Holoholo (ISO 639-3: hoo; autonym: Kalanga; also called Ikiholoholo) is a Bantu language: Niger-Congo → Atlantic-Congo → Benue-Congo → Bantoid → Narrow Bantu → Zone D, D.28 (East-Central Lake Tanganyika group; subdivisions D.28a West Holoholo and D.28b East Holoholo). Its closest relatives are Tumbwe (D.28.1) and Lumbwe (D.28.2), neither of which has an ISO code. The ⟨h⟩ in "Holoholo" is silent and serves only as a vowel separator (i.e., the pronunciation is approximately Olo-olo). Placement in Zone D is somewhat uncertain; some analyses group it closer to the Takama languages.

Holoholo is spoken in two countries:

  • DR Congo: Kalemie city and the surrounding Lake Tanganyika western shoreline, Tanganyika Province (formerly southeastern Katanga; divided 2015), where the Lukuga River exits Lake Tanganyika
  • Tanzania: Uvinza District, Kigoma Region, eastern shore of Lake Tanganyika; also historically in the Mahale Mountains area, until residents were displaced by the creation of Mahale Mountains National Park (1979–1985)

Estimated speakers: approximately 34,000 (Joshua Project); ~15,500 (Wikipedia, 2002 data) — total population across both countries is approximately 40,000–45,000.

Historical and Cultural Context

The Holoholo descend from the Baguha people who fled the expanding Luba Empire eastward in the 18th century, settling along Lake Tanganyika's western shore at what is now Kalemie (formerly Albertville).

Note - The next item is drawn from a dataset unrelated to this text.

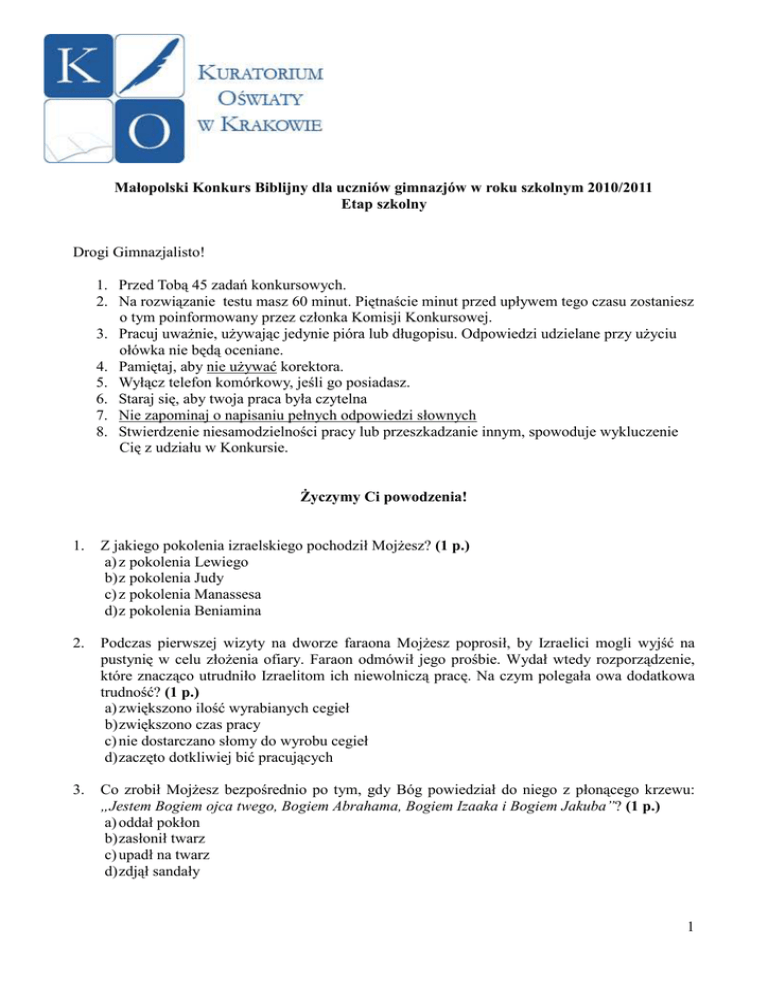 Małopolski Konkurs Biblijny dla uczniów gimnazjów w roku szkolnym 2010/2011 Etap szkolny Drogi Gimnazjalisto! 1. Przed Tobą 45 zadań konkursowych. 2. Na rozwiązanie testu masz 60 minut. Piętnaście minut przed upływem tego czasu zostaniesz o tym poinformowany przez członka Komisji Konkursowej. 3. Pracuj uwaŜnie, uŜywając jedynie pióra lub długopisu. Odpowiedzi udzielane przy uŜyciu ołówka nie będą oceniane. 4. Pamiętaj, aby nie uŜywać korektora. 5. Wyłącz telefon komórkowy, jeśli go posiadasz. 6. Staraj się, aby twoja praca była czytelna 7. Nie zapominaj o napisaniu pełnych odpowiedzi słownych 8. Stwierdzenie niesamodzielności pracy lub przeszkadzanie innym, spowoduje wykluczenie Cię z udziału w Konkursie. śyczymy Ci powodzenia! 1. Z jakiego pokolenia izraelskiego pochodził MojŜesz? (1 p.) a) z pokolenia Lewiego b) z pokolenia Judy c) z pokolenia Manassesa d) z pokolenia Beniamina 2. Podczas pierwszej wizyty na dworze faraona MojŜesz poprosił, by Izraelici mogli wyjść na pustynię w celu złoŜenia ofiary. Faraon odmówił jego prośbie. Wydał wtedy rozporządzenie, które znacząco utrudniło Izraelitom ich niewolniczą pracę. Na czym polegała owa dodatkowa trudność? (1 p.) a) zwiększono ilość wyrabianych cegieł b) zwiększono czas pracy c) nie dostarczano słomy do wyrobu cegieł d) zaczęto dotkliwiej bić pracujących 3. Co zrobił MojŜesz bezpośrednio po tym, gdy Bóg powiedział do niego z płonącego krzewu: „Jestem Bogiem ojca twego, Bogiem Abrahama, Bogiem Izaaka i Bogiem Jakuba”? (1 p.) a) oddał pokłon b) zasłonił twarz c) upadł na twarz d) zdjął sandały 1 4. Kim był teść MojŜesza, Jetro? (1 p.) a) pasterzem b) rolnikiem c) prorokiem d) kapłanem 5. „Weźcie pełnymi garściami sadzy z pieca i MojŜesz niech rzuci ją ku niebu na oczach faraona…” – powiedział Bóg do MojŜesza i Aarona. Jaką plagę mieli wywołać MojŜesz i Aaron tym znakiem? (1 p.) a) ciemności b) muchy c) szarańczę d) wrzody i pryszcze 6. Bóg szedł w dzień przed Izraelitami wychodzącymi z Egiptu pod postacią znaku. Jaki to był znak? (1 p.) a) słup obłoku b) chmura dymu c) słup ognia d) chmura światła 7. W którym rozdziale Księgi Wyjścia znajduje się opis przejścia Izraelitów pod wodzą MojŜesza przez Morze Czerwone? (1 p.) a) 14 b) 15 c) 16 d) 17 8. Z jakiego kierunku wiał wiatr, którym Bóg cofnął wody Morza Czerwonego? (1 p.) a) ze wschodu b) z zachodu c) z północy d) z południa 9. Bóg zsyłał Izraelitom w drodze z Egiptu do Ziemi Obiecanej mannę i przepiórki jako pokarm. W jakich porach dnia Izraelici otrzymywali ten pokarm? (1 p.) a) przepiórki rano, mannę wieczorem b) mannę rano, przepiórki wieczorem c) przepiórki i mannę wieczorem d) przepiórki i mannę rano 10. Podczas walki w Refidim MojŜesz modlił się o zwycięstwo Izraelitów. Znakiem tej modlitwy były jego uniesione ręce. Z jakim narodem walczyli wtedy Izraelici? (1 p.) a) z Madianitami b) z Jebusytami c) z Amalekitami d) z Amorytami 2 11. Po słowach Boga zawierających dekalog tekst Księgi Wyjścia przedstawia pozostałe prawa przekazane przez Boga. Które, spośród wymienionych niŜej praw, jest opisane jako pierwsze po dekalogu? (1 p.) a) prawo rodzinne b) prawo moralne c) prawo o ołtarzu d) prawo rzeczowe 12. Ołtarz całopalenia w przybytku miał powierzchnię w kształcie kwadratu. Jakiej długości był jego bok? (1 p.) a) 2 łokcie b) 3 łokcie c) 4 łokcie d) 5 łokci 13. Jakie zwierzę naleŜało składać na ofiarę ustawiczną w przybytku, tzn. rano i o zmierzchu, według polecenia Boga? (1 p.) a) jagnię b) cielę c) baranka d) wołu 14. Bóg polecił MojŜeszowi sporządzić święty olej do namaszczenia przybytku, świętych przedmiotów i kapłanów. Bóg podał dokładny przepis na ten olej, podobnego nie wolno było nikomu sporządzać. Do jego przyrządzenia naleŜało uŜyć jeden hin oleju z oliwek. Jakiej ilości litrów odpowiada jeden hin, hebrajska miara objętości płynów? (1 p.) a) ok. 5 litrom b) ok. 7 litrom c) ok. 10 litrom d) ok. 12 litrom 15. Po powtórnym spotkaniu MojŜesza z Bogiem na górze Synaj, jego skóra miała niezwykły wygląd. Jak wyglądała wtedy skóra na twarzy MojŜesza według tekstu Księgi Wyjścia? (1 p.) a) błyszczała b) promieniała c) jaśniała d) świeciła 16. Nazwa Księgi Wyjścia wywodzi się z tytułu, jaki nosi ona w Septuagincie (greckim przekładzie Starego Testamentu) – Exodos tzn. „wyjście”. Tradycja hebrajska określa ją – podobnie jak pozostałe części Pięcioksięgu – pierwszym słowem księgi, które brzmi: ’elle szemôt. Podaj pełne tłumaczenie na język polski tego hebrajskiego zwrotu. (2 p.) ……………………………………………………………………………………………… 17. Ilu Izraelitów, według Księgi Wyjścia, przybyło wraz z Jakubem do Egiptu? (2 p.) ……………………………………………………………………………………………… 3 18. Izraelici pracowali przymusowo w Egipcie przy budowie dwóch miast. Jedno z nich to Ramses. Podaj w dokładnym brzmieniu nazwę drugiego miasta. (2 p.) ……………………………………………………………………………………………… 19. Ile czasu po urodzeniu MojŜesza ukrywała go jego matka? (2 p.) ……………………………………………………………………………………………… 20. Z jakiego materiału była wykonana skrzynka, w którą włoŜyła MojŜesza jego matka i pozostawiła w sitowiu na brzegu rzeki? (2 p.) ……………………………………………………………………………………………… 21. Podaj nazwę kraju, do którego uciekł MojŜesz przed faraonem po zabiciu Egipcjanina? (2 p.) ……………………………………………………………………………………………… 22. Jak miała na imię Ŝona MojŜesza, córka Je

They absorbed Luba cultural elements including the bambudye secret societies that preserve Luba royal oral traditions, while developing a distinct lake-shore fishing economy alongside agriculture (sorghum, maize, peanuts, beans).

Lake Tanganyika played a significant role in 19th-century Central African history: David Livingstone explored the lake's shores in the 1860s–1870s, and the lake was contested between Arab slave-traders and the Congo Free State. The Holoholo territory at Kalemie was directly in the path of Arab-Swahili slave trade routes, and Kalemie became a major Belgian colonial administrative center (named Albertville after King Albert I of Belgium).

The majority of Holoholo people today are Muslim (the historical legacy of Arab trade contact), with minority African Traditional Religion and Christianity. Joshua Project classifies them at Progress Scale Level 4 (partially reached, evangelicals 2–10%).

Publishing and Organizations

Published by The Word for the World International (TWFTW; twftw.org), an international Bible translation organization based in Waxahaw, North Carolina. TWFTW is active in minority language translation across Africa and Asia.